WORK ITEM:
Reproduce only what runs from the line containing "2. Op mijn watermeloenen" to the line containing "Schwarzer Super Seven" in the records below, inclusive. Keep it exact, and keep the pictures out.

RECORDS SHOWN:
•••

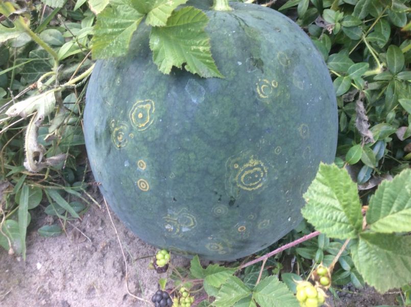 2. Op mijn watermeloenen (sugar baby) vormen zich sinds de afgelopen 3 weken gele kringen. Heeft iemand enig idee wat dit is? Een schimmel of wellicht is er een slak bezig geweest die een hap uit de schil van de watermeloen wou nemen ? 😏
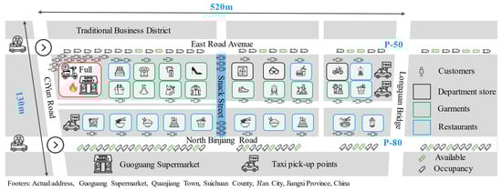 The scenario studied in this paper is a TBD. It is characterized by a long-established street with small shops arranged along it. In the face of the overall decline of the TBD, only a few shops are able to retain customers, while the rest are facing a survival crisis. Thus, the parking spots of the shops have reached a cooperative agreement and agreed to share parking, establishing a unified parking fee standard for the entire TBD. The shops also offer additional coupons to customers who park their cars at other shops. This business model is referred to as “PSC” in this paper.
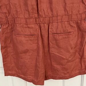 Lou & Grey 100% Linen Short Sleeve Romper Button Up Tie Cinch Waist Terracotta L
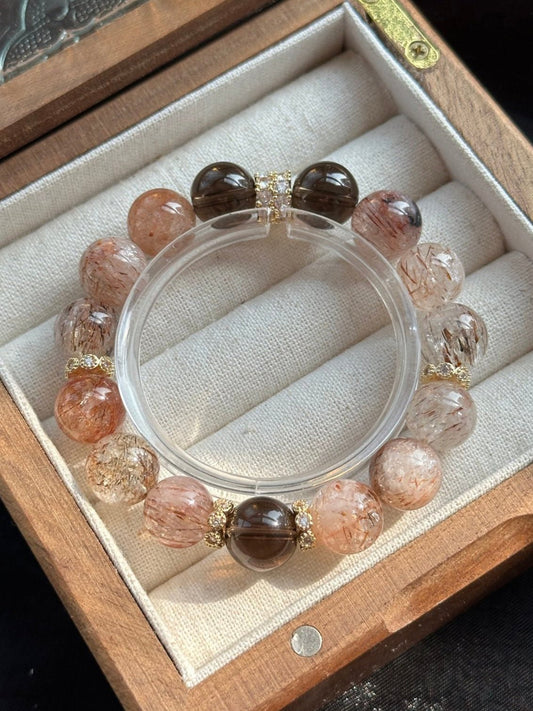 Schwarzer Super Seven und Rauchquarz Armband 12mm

•••

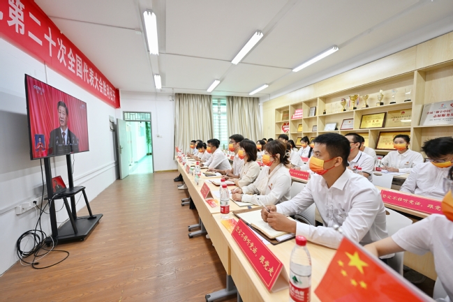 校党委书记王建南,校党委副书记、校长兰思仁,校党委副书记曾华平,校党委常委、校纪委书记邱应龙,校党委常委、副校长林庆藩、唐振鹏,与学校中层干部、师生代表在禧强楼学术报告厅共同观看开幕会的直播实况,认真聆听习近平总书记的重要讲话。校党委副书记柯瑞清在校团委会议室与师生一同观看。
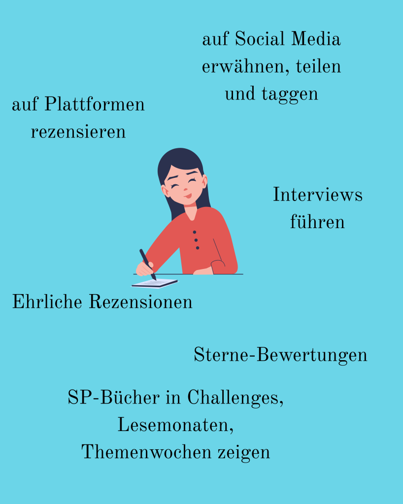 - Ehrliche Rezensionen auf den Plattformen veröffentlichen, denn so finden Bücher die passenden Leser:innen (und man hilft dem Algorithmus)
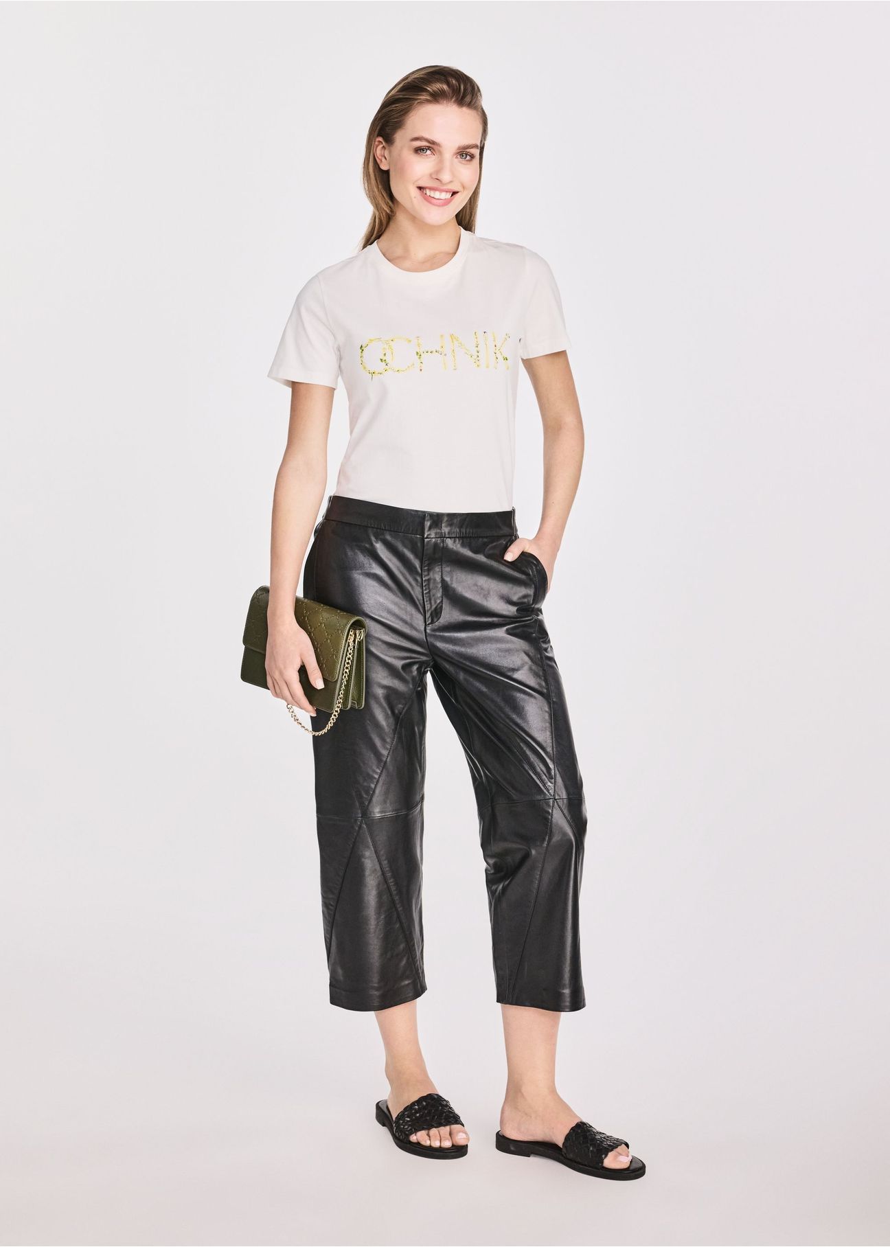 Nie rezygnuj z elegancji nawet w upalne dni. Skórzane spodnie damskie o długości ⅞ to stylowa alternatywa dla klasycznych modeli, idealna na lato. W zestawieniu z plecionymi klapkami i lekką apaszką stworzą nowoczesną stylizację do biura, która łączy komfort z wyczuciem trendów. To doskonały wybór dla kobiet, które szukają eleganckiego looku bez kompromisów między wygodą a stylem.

•••

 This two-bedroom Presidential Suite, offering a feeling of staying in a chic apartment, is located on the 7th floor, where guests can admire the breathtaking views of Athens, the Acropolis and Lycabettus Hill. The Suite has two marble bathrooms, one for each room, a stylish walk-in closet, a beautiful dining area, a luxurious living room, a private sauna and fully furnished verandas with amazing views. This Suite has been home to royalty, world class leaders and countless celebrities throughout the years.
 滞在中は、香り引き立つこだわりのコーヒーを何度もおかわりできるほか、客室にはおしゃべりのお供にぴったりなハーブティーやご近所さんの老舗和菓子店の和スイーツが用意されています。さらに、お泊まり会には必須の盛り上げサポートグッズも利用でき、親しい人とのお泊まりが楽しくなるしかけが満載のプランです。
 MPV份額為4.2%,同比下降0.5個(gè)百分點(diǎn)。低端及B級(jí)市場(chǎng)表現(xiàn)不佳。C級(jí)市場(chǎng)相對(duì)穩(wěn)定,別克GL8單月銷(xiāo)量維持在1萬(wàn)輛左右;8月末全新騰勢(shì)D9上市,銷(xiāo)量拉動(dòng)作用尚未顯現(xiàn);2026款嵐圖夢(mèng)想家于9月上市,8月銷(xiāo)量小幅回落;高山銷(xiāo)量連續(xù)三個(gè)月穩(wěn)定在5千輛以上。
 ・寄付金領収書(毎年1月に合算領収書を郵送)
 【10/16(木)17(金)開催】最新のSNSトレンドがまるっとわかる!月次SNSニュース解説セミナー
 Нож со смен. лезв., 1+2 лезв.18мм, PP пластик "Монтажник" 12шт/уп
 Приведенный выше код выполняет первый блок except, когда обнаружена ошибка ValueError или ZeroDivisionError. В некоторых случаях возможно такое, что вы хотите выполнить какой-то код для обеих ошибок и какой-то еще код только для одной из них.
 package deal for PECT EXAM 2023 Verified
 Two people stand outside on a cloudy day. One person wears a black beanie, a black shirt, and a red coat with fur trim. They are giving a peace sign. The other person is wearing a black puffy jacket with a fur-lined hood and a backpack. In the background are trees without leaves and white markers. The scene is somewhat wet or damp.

•••

PROBLEM SOLUTION:
 2. Op mijn watermeloenen (sugar baby) vormen zich sinds de afgelopen 3 weken gele kringen. Heeft iemand enig idee wat dit is? Een schimmel of wellicht is er een slak bezig geweest die een hap uit de schil van de watermeloen wou nemen ? 😏
 The scenario studied in this paper is a TBD. It is characterized by a long-established street with small shops arranged along it. In the face of the overall decline of the TBD, only a few shops are able to retain customers, while the rest are facing a survival crisis. Thus, the parking spots of the shops have reached a cooperative agreement and agreed to share parking, establishing a unified parking fee standard for the entire TBD. The shops also offer additional coupons to customers who park their cars at other shops. This business model is referred to as “PSC” in this paper.
 Lou & Grey 100% Linen Short Sleeve Romper Button Up Tie Cinch Waist Terracotta L
 Schwarzer Super Seven und Rauchquarz Armband 12mm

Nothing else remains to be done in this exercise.